Pertama-tama, mari kita perhatikan, dalam kegiatan kelompok masyarakat yang berbeda sering adanya konflik antara kelompok orang yang berbeda dalam kegiatan kelompok dalam skala kecil, seperti di pemukiman, desa, dan bahkan bahkan siswa di kelas dan asrama. Â
Dalam kehidupan kelompok yang mengatur diri sendiri seperti ini, yang skalanya sangat kecil dan tidak memiliki pusat kekuasaan, sangat mudah untuk menghadapi situasi sekelompok orang melawan sekelompok orang lainnya, bahkan ketika kita biasanya berkumpul dengan keluarga dan teman-teman, untuk memlilih makanan saja bisa timbul perbedaan pendapat.
Bahkan, negara-negara zaman kuno juga menghadapi masalah yang sama. Kemudian, dengan meningkatnya skala, di satu sisi, otoritas politik menjadi lebih terkonsentrasi dan lebih rasional, yang dapat membantu mengatasi faksionalisme tertentu, yang dapat menghasilkan otoritas negara yang terlepas dari kepentingan klik nasional lokal, dan mudah untuk tidak memihak dan tidak mementingkan diri sendiri untuk menekan perkelahian klik.
Di sisi lain, seiring dengan pertumbuhan negara, ruang lingkup kehidupan politik menjadi lebih besar dan semakin sulit untuk membentuk faksi-faksi yang berbeda. Di masa lalu, pemahaman kita tentang sistem politik dunia sering kali tidak mempertimbangkan dimensi skala.

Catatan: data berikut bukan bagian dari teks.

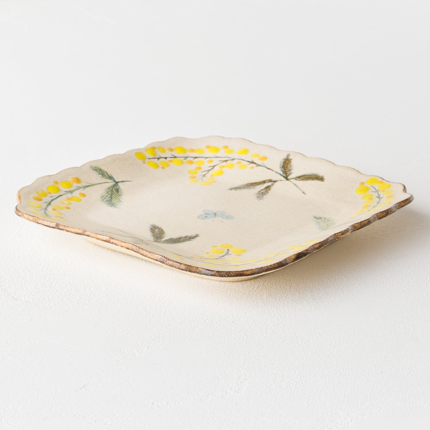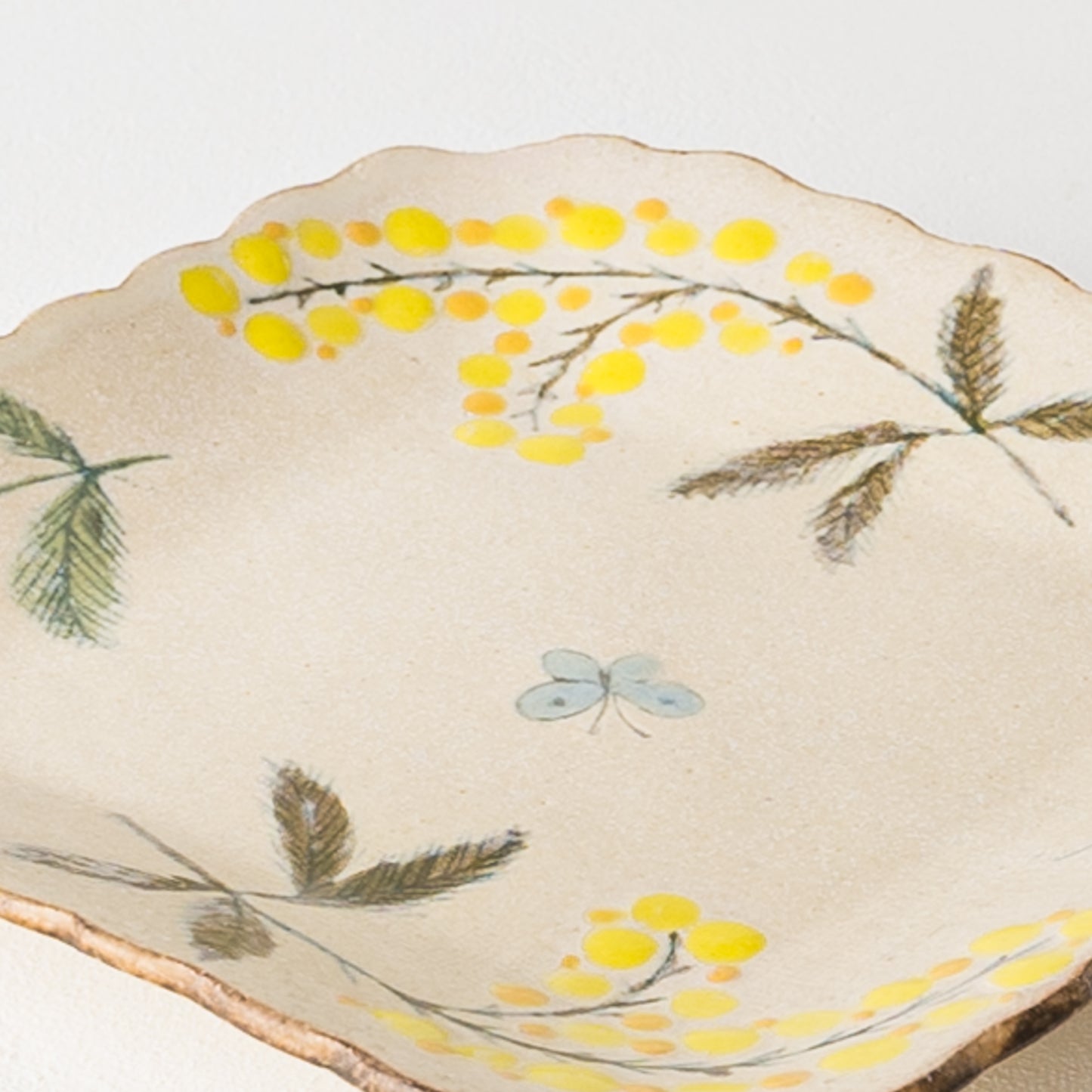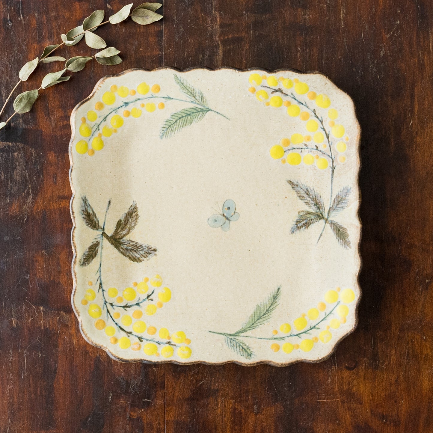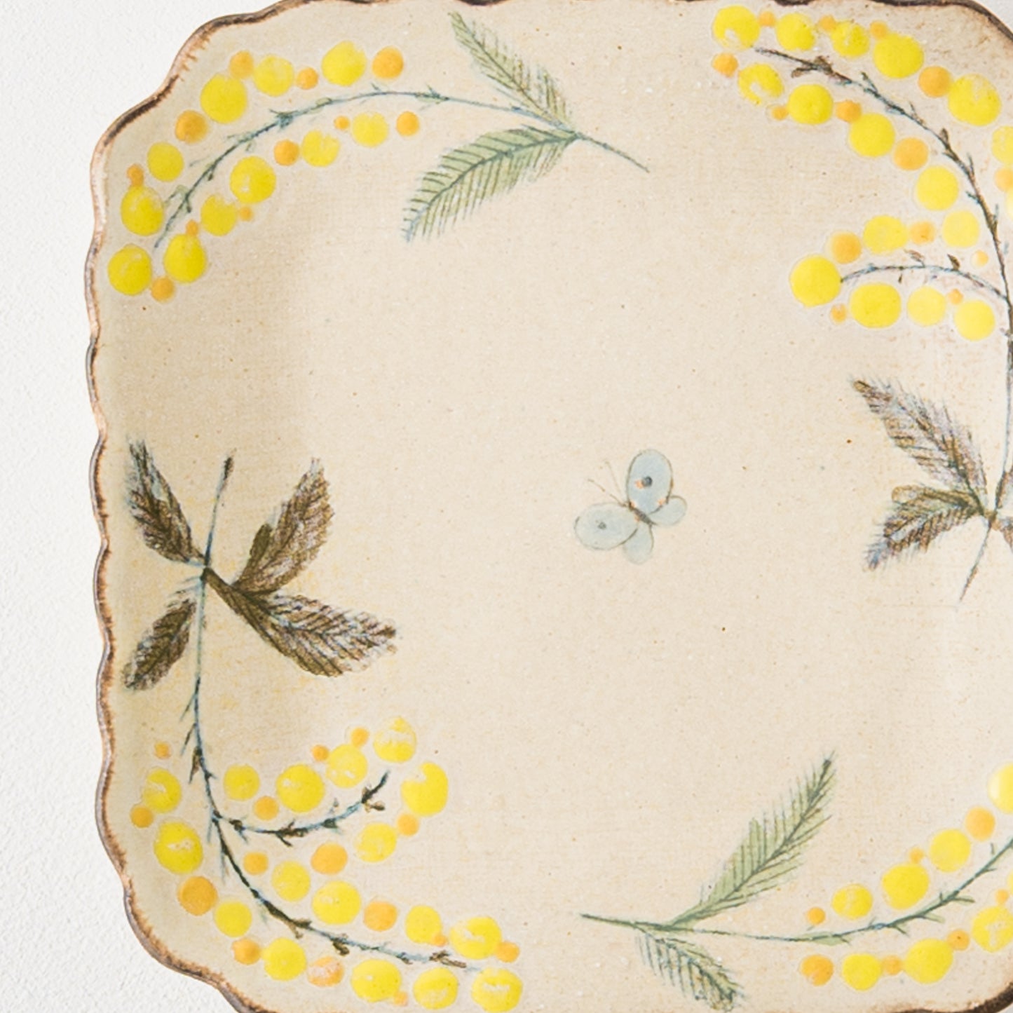花びらのような柔らかな曲線がかわいらしい四角。絵本に出てくるような温もりが伝わってくるやさしいタッチのミモザとちょうちょを眺めていると気持ちがほっと安らぎます。

Dulu, banyak orang mengatakan bahwa sistem Barat maju. Oleh karena itu, banyak yang menganjurkan sistem negara dengan pemisahan kekuasaan, persaingan multi-partai, federalisme, dll. Namun, bentuk-bentuk kelembagaan ini terkait erat dengan skalanya.
Ciri utama tradisi politik Barat adalah skalanya yang kecil. Misalnya, di negara-kota Yunani kuno, populasinya paling banyak puluhan atau ratusan ribu orang. Meskipun Kekaisaran Romawi yang lebih besar, kehidupan politik utamanya juga terjadi di sebuah kota kecil Romawi, tetap saja mengikuti logika negara-kota skala kecil.
Hingga pada Abad Pertengahan, negara-negara feodal dan negara-kota di tempat-tempat seperti Italia juga sangat kecil. Sampai Eropa modern mulai muncul negara-negara monarki seperti itu, meskipun lebih besar dari sebelumnya, dari perspektif orang daratan Tiongkok dan negara-negara Timur, negara-negara di Eropa itu juga dipandang sangat kecil (polulasi).
Oleh karena itu, dalam sejarah pemikiran Barat, dan para pemikir bijak tidak berani memikirkan masalah negara berskala besar, seperti Plato, filsuf Yunani kuno, berapa populasi negara ideal dalam imajinasinya? Hanya 5040 orang, dari Aristoteles hingga Rousseau dan Montesquieu di zaman modern, negara ideal di mata mereka juga sangat kecil, pada dasarnya negara hanya yang bisa dilihat dengan mata kepala secara sekilas. Jadi secara sederhananya, dalam arti tertentu, pemikiran politik Barat klasik tidak lebih dari "politik kotapraja".
Sampai hari ini pun, para sarjana Amerika masih suka berbicara tentang "Perangkap Thucydides" ketika mereka berbicara tentang hubungan Tiongkok-AS, dan mereka masih menggunakan kiasan Yunani kuno dengan negara-kota kecil berpenduduk 200.000an orang yang berjuang untuk hegemoni.
Kemudian, ketika negara AS didirikan dalam beberapa dekade berikutnya, skalanya pada waktu itu berbeda dengan AS saat ini, jumlah populasi di AS pada waktu itu kurang dari 3 juta, dan itu tidak ada apa-apanya jika dibandingkan dengan Tiongkok daratan, dan juga dengan Indonesia.  Tetapi pada waktu itu, skala seperti itu telah menjadi patokan bagi konstitusional AS dan itulah yang menjadi  masalah besar kini.
Saat itu ketika mereka sedang mendiskusikan sistem seperti apa yang akan mereka gunakan untuk memerintah populasi yang begitu besar jika mereka tidak memiliki monarki, hal ini merupakan pertanyaan besar yang masih ada di benak mereka.